Google's Gemma 4 was released in April 2026. For those that aren't aware of it, Gemma 4 is a family of open-weight models (open-weight simply means anyone can download the model and run it themselves, no internet needed once it's installed). It has four models: the E2B and E4B (designed mainly for phones and laptops with low computational power), and the 26B and 31B (for high-end systems and GPUs). I used E2B because that's what my system could handle, a 7.2 GB model file.
This runs on Ollama, a tool for running AI models on a computer.
My setup: Ubuntu 24.04, Ollama 0.23.3, Gemma 4 E2B.

The Install

Before I show you what Gemma 4 can do, I should be honest about what it took to get it running. It was not quick.
I started with the standard Ollama install command. The download got to 98.9% and then died with a protocol error. My connection is not the most stable,and the install script could not handle the dropouts.
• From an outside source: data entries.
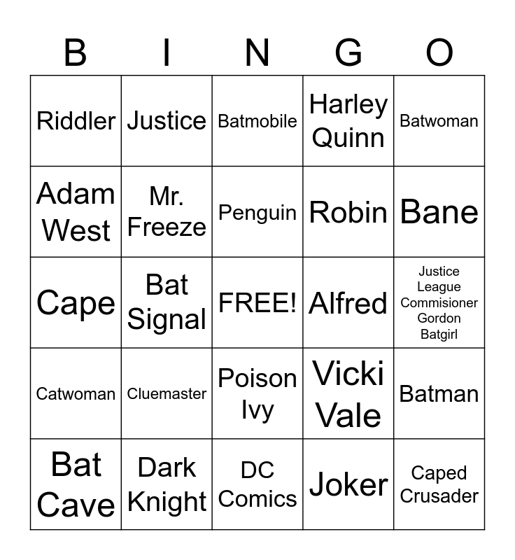 This bingo card has a free space and 28 words: Batman, Gotham, Robin, Joker, Adam West, Batmobile, Justice, Catwoman, Alfred, Bat Cave, Cape, Harley Quinn, Dark Knight, DC Comics, Bane, Clayface, Cluemaster, Mr. Freeze, Penguin, Poison Ivy, Riddler, Bruce Wayne, Caped Crusader, Bat Signal, Justice League Commisioner Gordon Batgirl, Vicki Vale, Batwoman and Superhero.
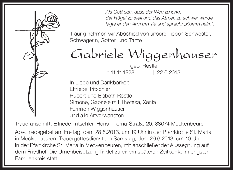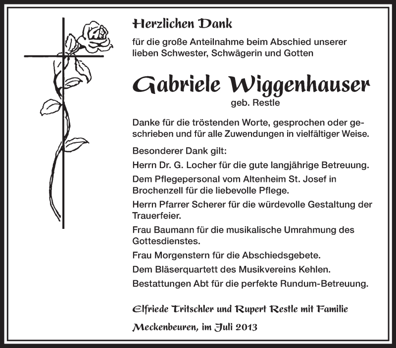 Hier finden Sie alle Traueranzeigen aus der Zeitung, die bisher für Gabriele Wiggenhauser erschienen sind. Weitere Traueranzeigen, die in der Zeitung erscheinen, werden hier ebenfalls aufgelistet
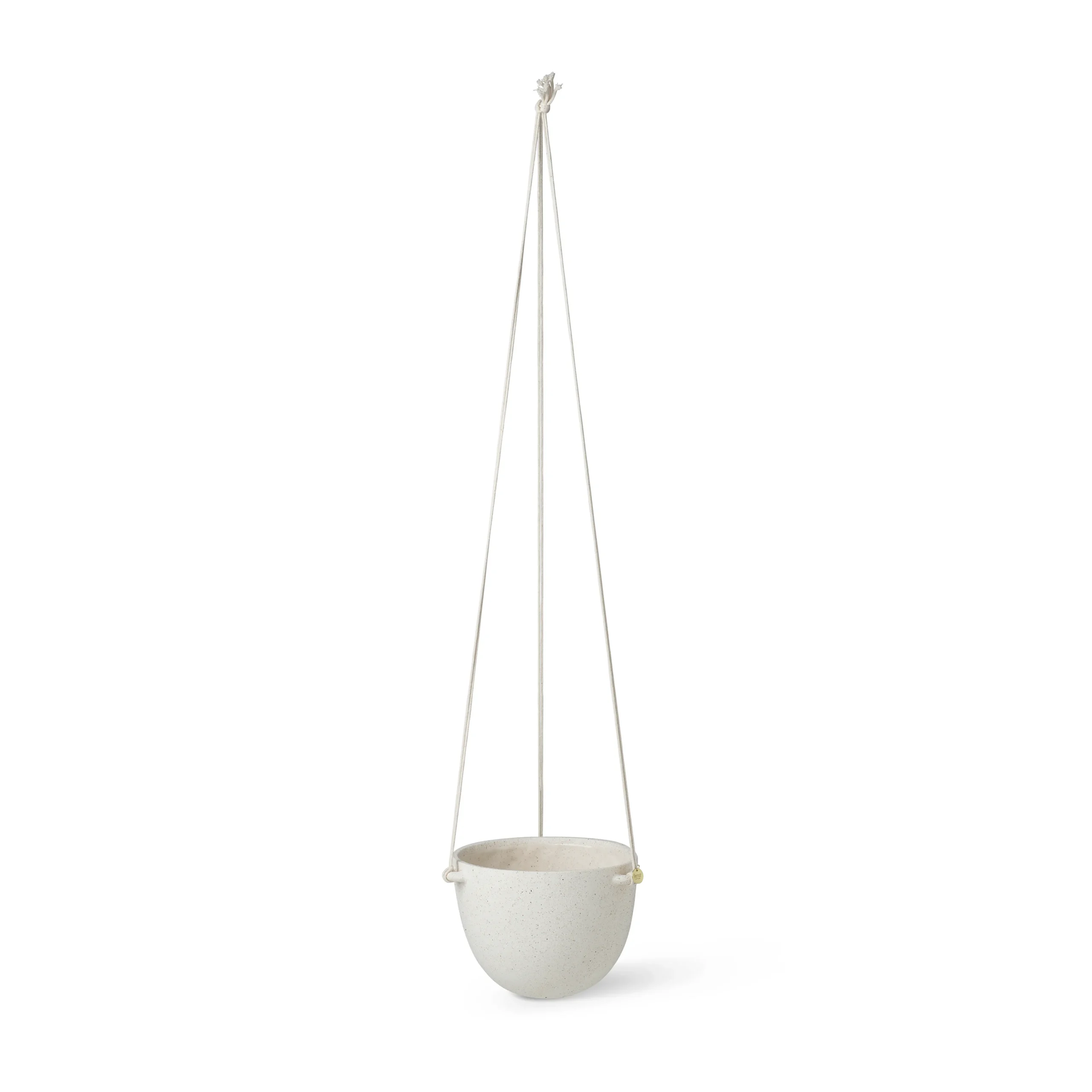 Der hängende Speckle Blumentopf Ø20,5cm stammt von der dänischen Marke Ferm Living und besteht aus Steinzeug mit einer grobkörnigen Oberfläche und einer Aufhängung aus gedrehtem Baumwollseil. Dank der langen Seillänge des hängenden Topfes können Sie die Höhe selbst einstellen, sodass der Blumentopf den perfekten Platz in Ihrem Zuhause findet.
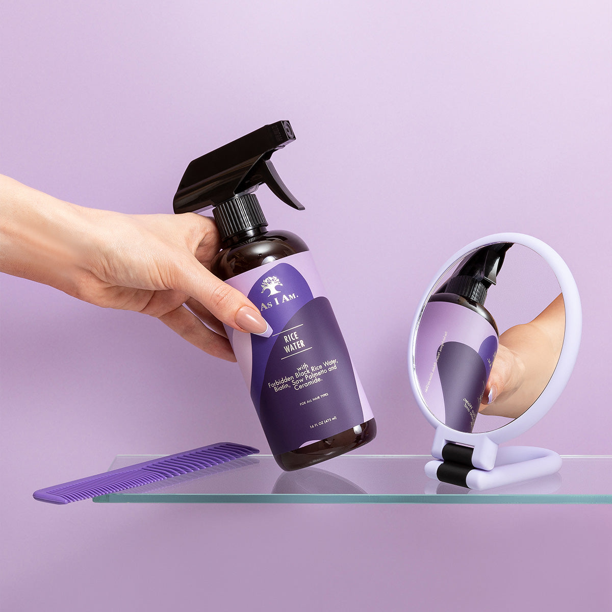 - Use the As I Am rice water spray daily to rinse shampoo, conditioner, or stylers from hair, or as a shower water substitute.

I saw a lot of "Could not resolve host: github.com" messages along the way.
The fix was to download the install script separately first, with retries built in:

curl -L --retry 5 --retry-delay 3 -o install.sh https://ollama.com/install.sh
sh install.sh

The --retry flag tells curl to keep trying when the connection drops. That part worked. Ollama was installed eventually, after about two hours of patience.
Then I pulled the model:

ollama pull gemma4:e2b

That was another two hours for 7.2 GB. Total time from clicking the first command to my first real conversation with Gemma: about four hours.
Here is the part that makes the four hours worth it. After this, no internet is ever needed again. The model lives on my disk. No API key, no subscription, no monthly bill. Pay the install cost once, use it forever.

The First Conversations

I started with a simple question: how does Gemma verify information?
The answer surprised me. Gemma did not pretend to be a search engine or a fact-checker. It admitted plainly that it does not verify anything. It explained that it is a pattern-matching engine that predicts likely sequences of words based on its training data, and it used the word "hallucination" to describe its main limitation.
In its own words:

I am an extremely sophisticated pattern-matching engine. I generate information based on the knowledge I absorbed during training, not by verifying facts against an external database. Therefore, it is crucial to treat my output as a starting point or a resource, and always verify critical information using reliable, external sources.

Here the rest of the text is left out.